Why does a mismatching printf specifier also affect subsequent arguments?

Question

I have a very simple C program where I am printing variables of different sizes.

#include <stdio.h>

unsigned int long long a;
unsigned int c;

int main() {
    a = 0x1111111122222222;
    c = 0x33333333;
    printf("Sizes: %zu %zu\n", sizeof(a), sizeof(c));
    printf("Seg: %llx %x\n", a, c);
    printf("Seg: %lx %x\n", a, c);
    printf("Seg: %x\n", c);
    return 0;
}

On a 64-bit machine, all works fine. On a 32-bit machine though, if I use an incorrect formatter for the first argument (second printf), I get incorrect output for second argument too. Is that because of how varargs are processed? What am I missing?

Output

Sizes: 8 4
Seg: 1111111122222222 33333333
Seg: 22222222 11111111
Seg: 33333333
a.out: ELF 32-bit LSB executable, Intel 80386, version 1 (SYSV), dynamically linked, interpreter /lib/ld-linux.so.2, for GNU/Linux 3.2.0, not stripped

Command used

rm ./a.out ; g++ -m32 test.cpp ; ./a.out ; file a.out

Answer 1

The second printf where the conversion format does not match the actual type passed has undefined behavior, so the C Standard imposes no requirements and anything you observe is possible, including expected behavior, as you observe on 64-bit targets and different behavior as you want to analyse on your 32-bit target.

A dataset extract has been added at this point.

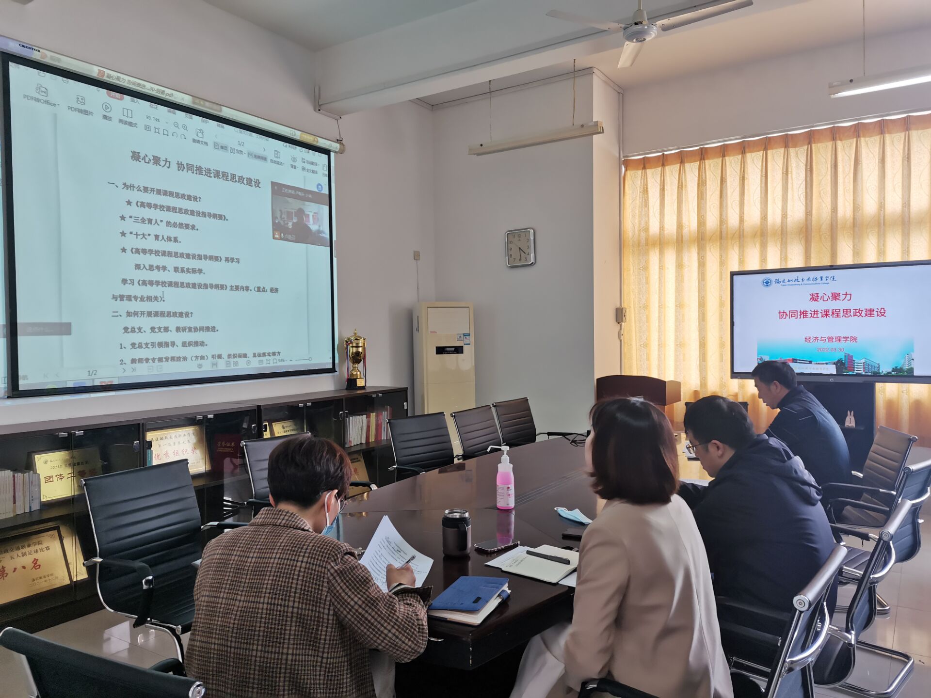 3月30日,經(jīng)濟(jì)與管理學(xué)院召開2022年課程思政建設(shè)工作會(huì)議。學(xué)院領(lǐng)導(dǎo)、各教研室主任、專業(yè)帶頭人、骨干教師、全體輔導(dǎo)員、各支部書記副書記、綜辦在線上和線下出席會(huì)議。會(huì)議由副院長(zhǎng)林穎主持。

Here is a tentative explanation (assuming little endian and stack based ABI):

• on your 32-bit target, vararg arguments are passed on the stack, 32-bit aligned
• passing an unsigned long long uses 2 stack slots in little endian order
• passing an unsigned int uses a single slot
• on this target, unsigned long, expected by printf for %lx has 32 bits (as is the case on most targets), so it uses a single slot
• hence in this target, the first number is retrieved from the first slot and the value is the low 32-bits of the 64-bit value passed in little endian order
• the second number is retrieved from the second slot, where the most significant 32-bits have been stored by the caller.
• this explains the output: Seg: 22222222 11111111

Remember that undefined behavior is by definition not defined, so other side effects may happen and something completely different may be output, even on the same host with the same binary.

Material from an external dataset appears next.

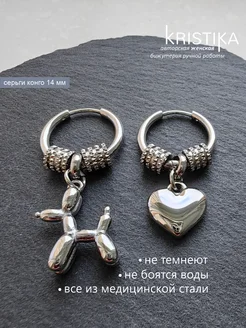 Серьги асимметричные собачка и сердечко

As commented by @GlennWillen, in particular, you cannot count on the damage being limited to a particular line of code, or function, or file; and you cannot count on it being limited to consequences which would actually be possible in any straightforward interpretation of the code; and you cannot count on it being limited to things happening chronologically after the UB in many cases. If the code could execute UB when some condition is true, the compiler may act as though that condition is false everywhere and for all purposes, even if this is absurd or contradictory.

Here are some take-aways:

• always turn on extra warnings so this kind of bug is reported by the compiler (-Wall -Wextra or similar).
• fix the code to compile without any warnings (adding -Werror will force this) and think twice before using casts to silence a warning.
• use the formatting macros from <inttypes.h> for types defined in <stdint.h>

Answer 2

By passing the incorrect formatter, you lied to printf.

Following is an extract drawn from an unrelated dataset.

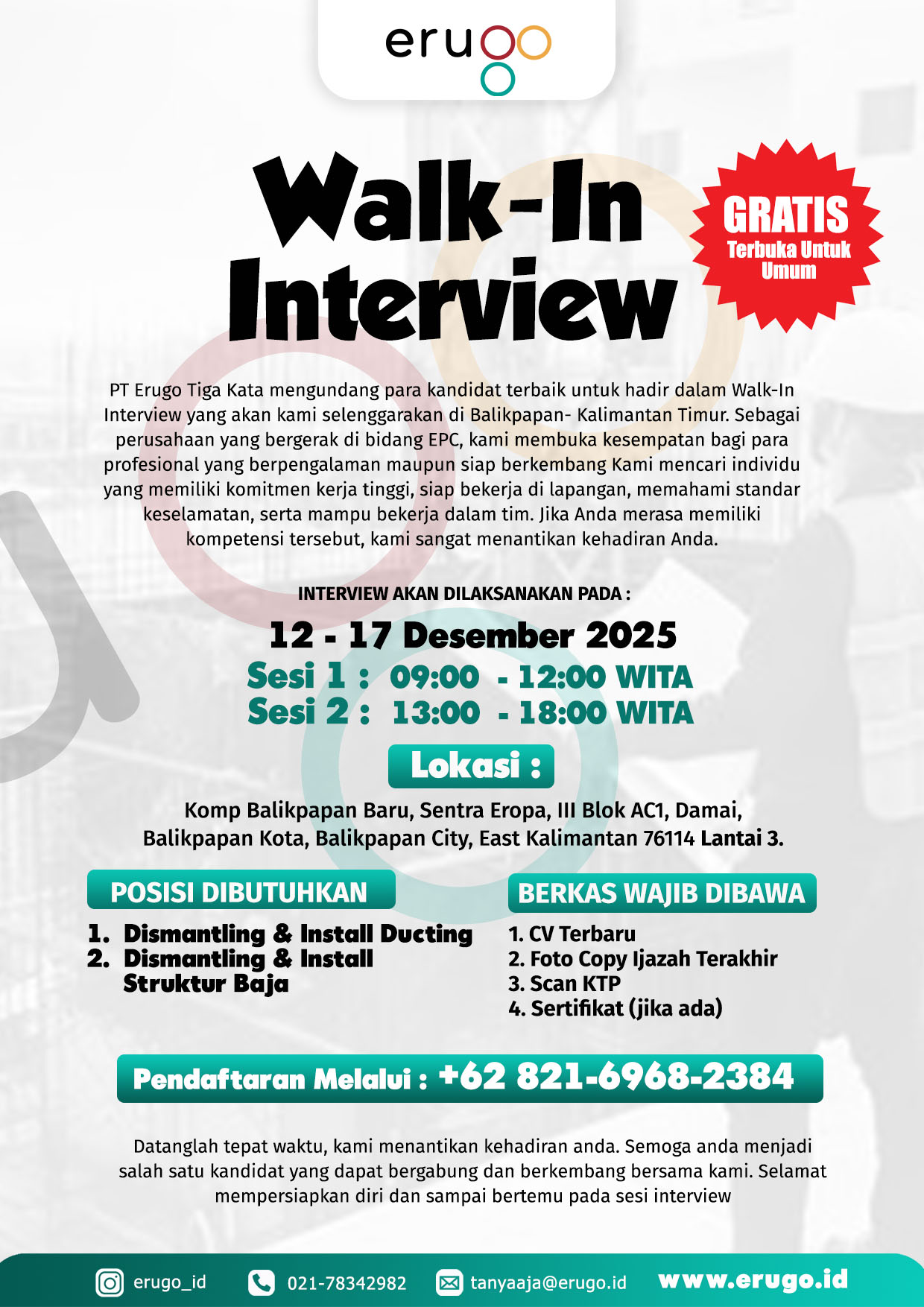 Kami memberikan kesempatan kepada para tenaga profesional untuk bergabung bersama kami dengan berbagai macam posisi yang tersedia Walk-In Interview (Balikpapan - Kaltim) Your name Your email Subject Your message (optional) upload file pdf Civil Quality Control Your name Your email Subject Your message (optional) upload file pdf Dismantling & Install Ducting Your name Your email Subject Your message (optional) upload file pdf Dismantling & Install Struktur Baja Your name Your email Subject Your message (optional) upload file pdf Site Manager Your name Your email Subject Your message (optional) upload file pdf Cathodic Protection Your name Your email Subject Your message (optional) upload file pdf Rope Access Your name Your email Subject Your message (optional) upload file pdf Staff Project Your name Your email Subject Your message (optional) upload file pdf Painter Your name Your email Subject Your message (optional) upload file pdf Sales Your name Your email Subject Your message (optional) upload file pdf Welder Your name Your email Subject Your message (optional) upload file pdf Engineer Your name Your email Subject Your message (optional) upload file pdf Fireproofing Your name Your email Subject Your message (optional) upload file pdf Quality Control Your name Your email Subject Your message (optional) upload file pdf HSE Engineer Your name Your email Subject Your message (optional) upload file pdf Project Control Your name Your email Subject Your message (optional) upload file pdf Procurement Your name Your email Subject Your message (optional) upload file pdf Project SPV Your name Your email Subject Your message (optional) upload file pdf

printf does not know the types or sizes of the arguments you actually pass to it; it just sees an undifferentiated sludge of bytes on the call stack (or in whatever registers). After the format string, it doesn't know where one argument stops and the next one starts. It only knows what to expect based on the format string.

In the incorrect printf call, you told it that the first argument was sizeof (unsigned long int) bytes, so it read that many bytes and did the appropriate conversion. Then it read the next sizeof (unsigned long int) bytes and converted that for the next output. It doesn't know it was reading two halves of a single object.